The highest level of intensity lies behind us. The lowest level of passion and intellectual illumination lies ahead of us.

--Jean Baudrillard, Cool Memories

At one point in The House of Mirth (1905), Carrie Fisher, Lily Bart's social facilitator and general fixer for the seemingly endless supply of monied Americans seeking the contagious prestige gained through association with faded British aristocracy, complains that "'the London market is so glutted with new Americans that, to succeed there now, they must be very clever or awfully queer'" (188). The utterance appears to invite readings of selfhood as something tentative or provisional, with the metaphor of society as a stock-exchange confirming the impression that identity is speculative and depends on a combination of inventiveness and chance. At the moment of Carrie's pronouncement, it would seem that the value of American selfhood is down in the old world, the victim of a saturated market, and that only the production of an even newer, improved model will be enough to generate fresh interest among the discerning names of London society.

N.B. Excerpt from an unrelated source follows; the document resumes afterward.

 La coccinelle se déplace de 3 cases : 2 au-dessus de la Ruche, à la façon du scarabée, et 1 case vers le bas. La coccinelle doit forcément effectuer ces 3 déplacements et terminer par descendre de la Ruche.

With her next remark, however, Mrs. Fisher undermines such speculative uncertainty by asserting that if the "new American" in question, Mrs. Bry, could "'be natural herself -- fat and vulgar and bouncing -- it would be alright'" (188). While this might appear to be an improbable road to success in a society where every gesture is scrutinized and where, as Lily learns to her cost, intention and interpretation engage in constant battles to control meaning, Mrs. Fisher's observation does alert us to the novel's frequent erasure of comfortable oppositions between "natural" and "cultural," spectacle and spectator, authentic and imitation, or "new" and "old." These pairings, evident here in the emphasis on "new Americans" and throughout the novel in characters' attempts to define "self" and "culture" as stable constructs in the face of overwhelming evidence to the contrary, point to the issue I wish to examine in this essay, that is, representations of the relationship between self, ethnic, and national identities in and immediately preceding the Progressive Era and in particular in the New York sections of Wharton's novels The House of Mirth and The Custom of the Country, published eight years later in 1913.

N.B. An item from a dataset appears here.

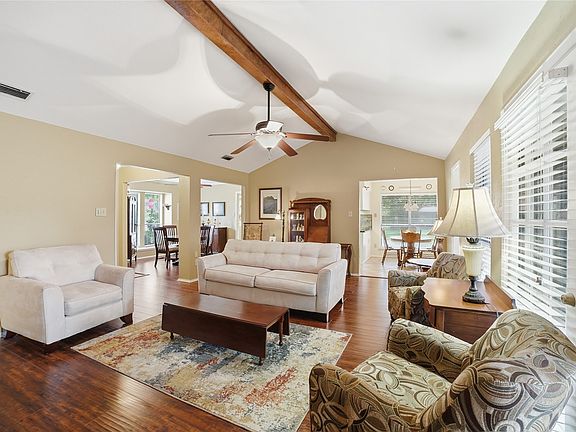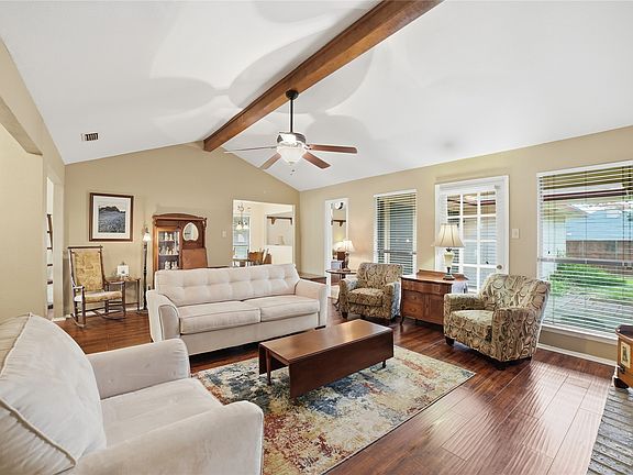 Welcome home to 602 Torrance Drive! This beautifully maintained 3-bedroom, 2-bath home in the established Meadowood neighborhood offers nearly 2,000 sq. ft. of comfortable living space, thoughtfully designed for everyday life and entertaining alike. Situated on a spacious corner lot in a well established, quiet neighborhood. Step inside to discover an inviting living room with a vaulted, wood beamed ceiling, centered around a cozy gas fireplace, a formal dining area, and a spacious den that provides extra room to relax or work from home. The kitchen features granite countertops, plenty of cabinet space, and a bright breakfast nook perfect for morning coffee. The private primary suite features an exterior door to the back patio and offers a peaceful retreat with separate vanities, a soaking tub, separate shower, and walk-in closet. Outside, enjoy a covered patio overlooking the landscaped corner lot with mature trees and alley access to a two-car garage with workshop area. With a new roof to be installed before closing, this home is move-in ready and conveniently located near parks, shopping, and Garland ISD choice schools.

Such searches for fixed and meaningful identities were taking place in a rapidly changing world -- in her autobiography, A Backward Glance (1934), Wharton recounts the cultural upheavals transforming what, until the 1880s, had seemed (at least, to her privileged and long-domiciled social group) to be "unalterable rules of conduct" into "observances as quaintly arbitrary as the domestic rites of the Pharaohs" (6)--and were responses to at least three interrelated factors. The closing decades of the nineteenth century witnessed a rapid technological transformation, a massive increase in immigration from Eastern and Southern Europe (New York being "glutted" with a very different kind of "new American"), and the perception, famously articulated by Frederick Jackson Turner, that the frontier was closed and that there was no more free land. As a result of the combination of these factors, the already antiquated Jeffersonian image of the American family as unit both of domestic harmony and of work was finally banished by a combination of rapid urbanization and what Alan Trachtenberg has called the "Incorporation of America."

One of the principal effects of this transformation was the erasure of a separate domestic sphere. The development of a culture of consumption moved women increasingly into the public domain, where female leisure class identity required constant updating if it was to conform to the latest fashions. Instead of inhabiting the private space of "the kitchen and the linen room," immersed in what Wharton calls the "household arts" (Backward 41), the new woman became a public spectacle, subject to the scrutiny of press, acquaintances, and fellow citizens, and compelled to demonstrate her non-productive role via her clothing and behavior. As Thorstein Veblen observed in 1899:

It needs no argument to enforce the generalization that the more elegant styles...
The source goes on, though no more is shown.